Sony‘s PlayStation 5 and Microsoft‘s Xbox Series X/S models have given Advanced Micro Devices (NASDAQ:AMD) a big lift. AMD‘s enterprise, embedded, and semi-custom (EESC) business has gone supersonic since the second half of 2020 when the PS5 and the Xbox Series X/S went into production and were made available for sale, which isn’t surprising given that the consoles are powered by AMD‘s semi-custom chips.
Now AMD‘s semi-custom business is slated to receive another shot in the arm with the arrival of Valve’s Steam Deck, a handheld gaming console that will compete against Nintendo‘s (OTC:NTDOY) popular Switch handheld gaming system. Let’s see what this new console is all about, and why it could move the needle in a big way for AMD.
Steam Deck marks AMD‘s entry into a lucrative gaming niche
Created by the popular video game publisher and distributor Valve, the Steam Deck is advertised as an all-in-one portable gaming PC. It allows gamers to play on the go because of its handheld form factor, which makes it different from the PS5 and the Xbox, which need to be plugged into a television or monitor.
As a result, the Steam Deck is being compared to Nintendo’s Switch consoles. This comparison bodes well for AMD for two reasons. First, the Steam Deck is powered by AMD‘s custom accelerated processing unit (APU), comprising a quad-core Zen 2 CPU (central processing unit) and a GPU (graphics processing unit) based on the RDNA2 architecture. Second, the Nintendo Switch had reportedly sold nearly 86 million units through May 2021 since its launch in March 2017. What’s more, the Switch has sold an estimated 26 million units in the past year alone.
AMD, however, has missed out on the Switch’s massive success, as Nintendo decided to partner with Nvidia to power its handheld console. That partnership has grown stronger, as Nintendo is reportedly going to deploy a more powerful Nvidia chip for this year’s Switch console, expected to hit the market during the holiday season.
The Steam Deck, however, gives AMD a solid foot in the door, as it seems capable of challenging the Switch in the handheld gaming console space. Valve has adopted a three-tier pricing strategy for the Steam Deck so that it appeals to a wide audience. The entry-level model with 64 GB storage is priced at $399, while the 256 GB and 512 GB versions equipped with faster memory are priced at $529 and $649, respectively.
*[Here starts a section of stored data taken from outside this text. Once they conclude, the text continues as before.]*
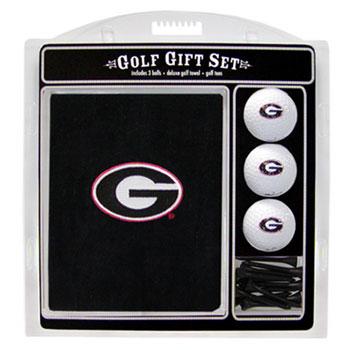 Each Georgia Bulldogs logo embroidered golf gift set includes a 16" X 26" embroidered tri-fold Georgia Bulldogs golf towel, 3 regulation Georgia Bulldogs golf balls, and 12 golf tees.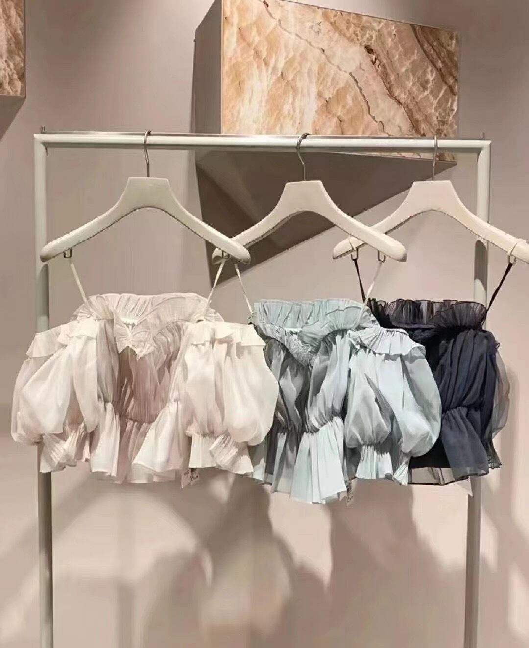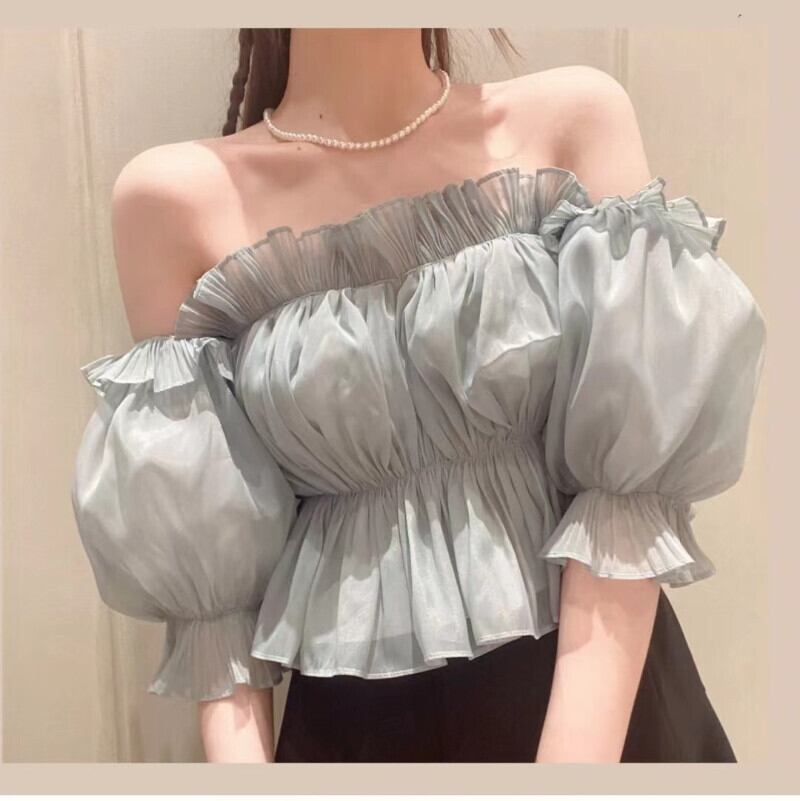 ese シフォンスラッシュネックブラウスフリルオフショルダーセクシーシャツショートフレッシュソリッドカラーシャツ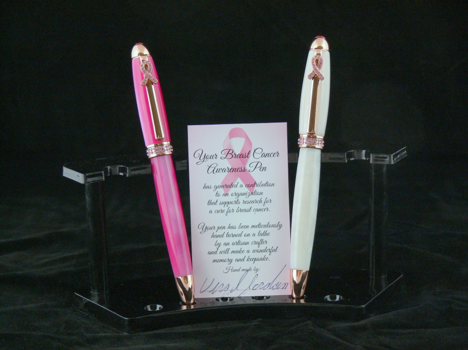 These area couple of Breast Cancer Awareness pens I turned for the local Women's Club charity auction. The proceeds go to Breast Cancer research.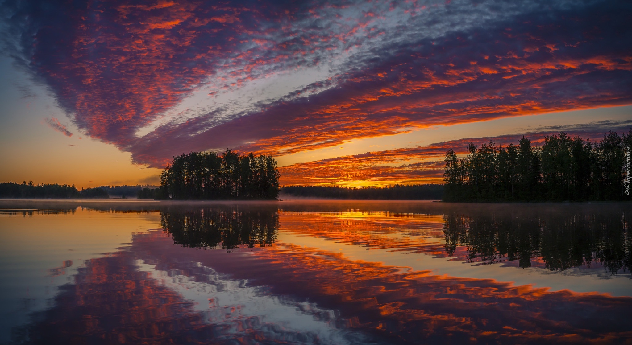 Edytor tapety: Niebo przegląda się w jeziorze o zachodzie słońca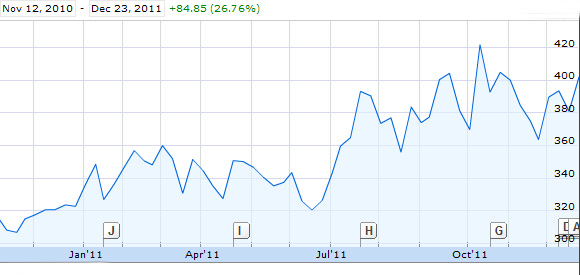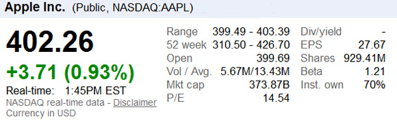 Курс AAPL на google-finance по стостоянию на 23.12.2011. Торги не закрыты

There’s no doubt that the Switch consoles are cheaper, with the entry-level Switch Lite priced at $199 and the pricier OLED model going up to $349, but the Steam Deck has a few solid advantages. For one, the Steam Deck is reportedly more powerful and can run resource-hungry games given that it is a portable PC. It allows gamers to play titles that are usually reserved for PCs (personal computers) and full-fledged consoles in a handheld form.
The Steam Deck will also benefit from a huge library of games. Valve’s online gaming distribution platform Steam, which reportedly had 120 million monthly active players in 2020, has a massive library of over 50,000 games.
The third catalyst for AMD‘s gaming business
The success of the PS5 and the new Xbox led to a whopping 286% year-over-year increase in AMD‘s EESC revenue in Q1. The segment generated $1.35 billion in quarterly revenue, accounting for 39% of AMD‘s total sales.
AMD credited this terrific growth to the “significant demand for the latest generation Sony and Microsoft consoles.” After all, Sony and Microsoft have found it difficult to keep up with the unprecedented demand for their latest consoles.
The Steam Deck will add a third catalyst to AMD‘s semi-custom business, as Valve is going after a huge market with its handheld console, as evident from Nintendo’s tremendous success in this space. The device will start shipping in December this year, and it could give AMD‘s results a nice lift in the second half of 2021 and beyond.
Overall, it wouldn’t be surprising to see the EESC business maintain its high growth levels on the back of the success of the PS5 and the Xbox and the solid potential of the Steam Deck, all of which could help AMD maintain its billing as a top growth stock.